Your local auto parts chain has crush washers, if their selection doesn't match what you need the local fastenal should have a larger assortment. Also the parts stores in a big city gets same day delivery in a lot of cases for things they have to order in from the warehouse. In fact the Oriely distributiin center in Denver has a customer pickup counter in case you don't want to wait a few hours for the route truck..
I've never found crush washers at O'Reilly's or Autozone. A search for "crush washers" on the O'Reilly's website turns up hundreds of "drain plug washer"s. Which would probably be okay if they were aluminum (some are) and the correct size (I've never seen one).
From: NW Ark on wooded ten acres...Ozarks at large!
Originally Posted by wallytoo
fuel. they are used in a pressurized fuel system. how would air enter? and if air could enter, how could fuel not leak?
ymmv. the large crush washer at the damper on the 22re usually leaks, while the smaller one sometimes does not leak if reused. as scope will say, buy a few extras, they’re cheap, and when you use some, order some more right away. then you’ll always have some on hand.
valid question...and, elementary, of course. being under pressure fuel would leak if air could, as well. but, perhaps the leaking fuel is not noticeable. otoh, i suppose there'd be obvious aroma. or fire. always fun
So, I installed the copper washers on the cold start injector line, and ran it for a 100 miles or so with no issues.

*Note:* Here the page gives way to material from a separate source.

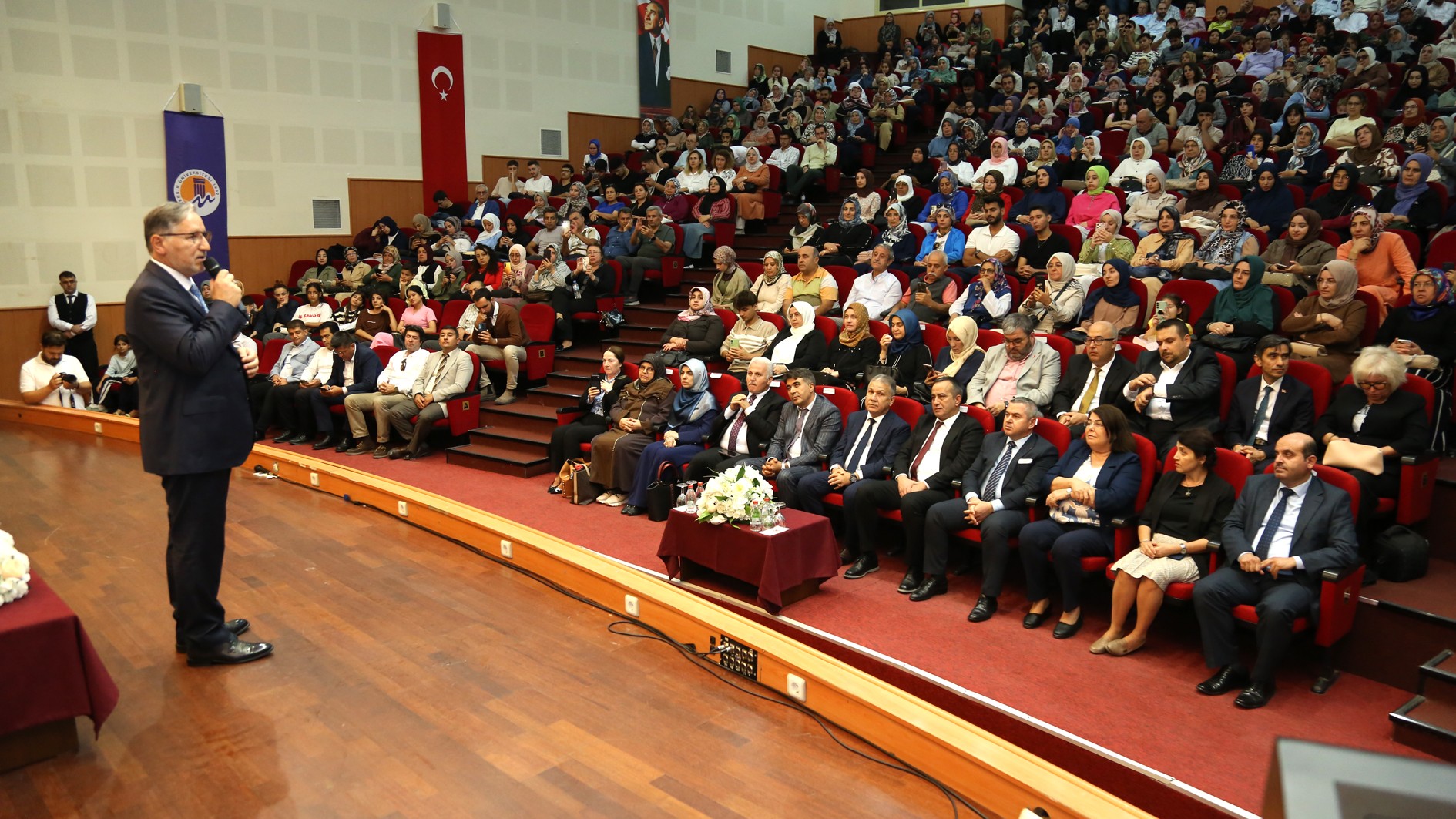 Açış konuşmalarının ardından, Prof. Dr. Mustafa Karataş “Mutlu Bir Yuva: İslam’da Aile” konulu konferansını verdi. Allah’ın insanlara sevgiyi çeşit çeşit verdiğini anlatan Prof. Dr. Karataş, kâinatın sevgi üzerine kurulduğunu söyledi. Peygamberimiz Hz. Muhammed’in, büyük İslam âlimlerinin, akademisyenlerin hayat hikâyelerinden ve Hadis-i Şeriflerden örnekler vererek aile kurumunun önemi ile ailede dikkat edilmesi gereken hususlar hakkında konuşan Prof. Dr. Karataş, ailede mutluluğun sırrının 8 maddeden meydana geldiğini bunların, “Saraya layık kedi sokakta kalmaz; Ağılda oğlak kuzulasa Mevla ot bitirir; Az olan helal, çok olan haramdan hayırlıdır; Sürpriz hediyelerle gönül almasını bil; Evde neşemiz ve sohbetimiz çok olsun; Evde zikrimiz, şükrümüz çok olsun; Evde saygı ve sevgi olsun ve Evde yalan olmasın” şeklinde olduğunu belirtti.

Just got my OEM washers and pulled my manifold for some further fixes and upon inspecting the washers after removing them, it looked like they deformed and sealed as expected.
I can't make any claims for extended use, but these will definitely do in a pinch if you dont want to shell out the 3 bucks for an OEM washer when you need to pull the manifold multiple times. Way better than reusing crushed washers as the custom seems to be.
The aluminum coating probably provides an additional softer gasket to improve the seals (and maybe protects against corrosion?) so I'm not taking any chances and still plan to use the OEM for the final install.
so I need these crush washers. got a major leak coming from under intake plenum... I'm guessing injectors, 92 pickup with 230,xxx miles I'm sure they are original. but I'm looking up parts like injectors and plenum gasket and crush washers but the washers are all different numbers? what does this mean? are they all different sizes? or can I just buy 6 of the same one? idk seems so confusing. thanks for your time. check out the photo. ????
The crush washers aren't "all" different sizes, but there are a few different sizes, so everywhere you see a new number those are a new size.
Do you know where your leak is? You'd be sad if you were leaking around an injector and all you replaced were the crush washers. I don't know much about the 22re, but on the 3VZE you can remove the plenum (don't disconnect the fuel line from the CSI!), replace the fuel return line that went with the plenum with a piece of 6mm/ 1/4" tube, and pressurize the system by jumpering FP. Even if you're not leaking around the injectors, at the age of your rig you should consider refreshing all the seals with a kit like this: https://theinjectorshop.com/products...truck-4-runner or https://www.ebay.com/itm/262500477411
Be careful; gasoline leaking under pressure can vaporize quickly, and really is a fire danger.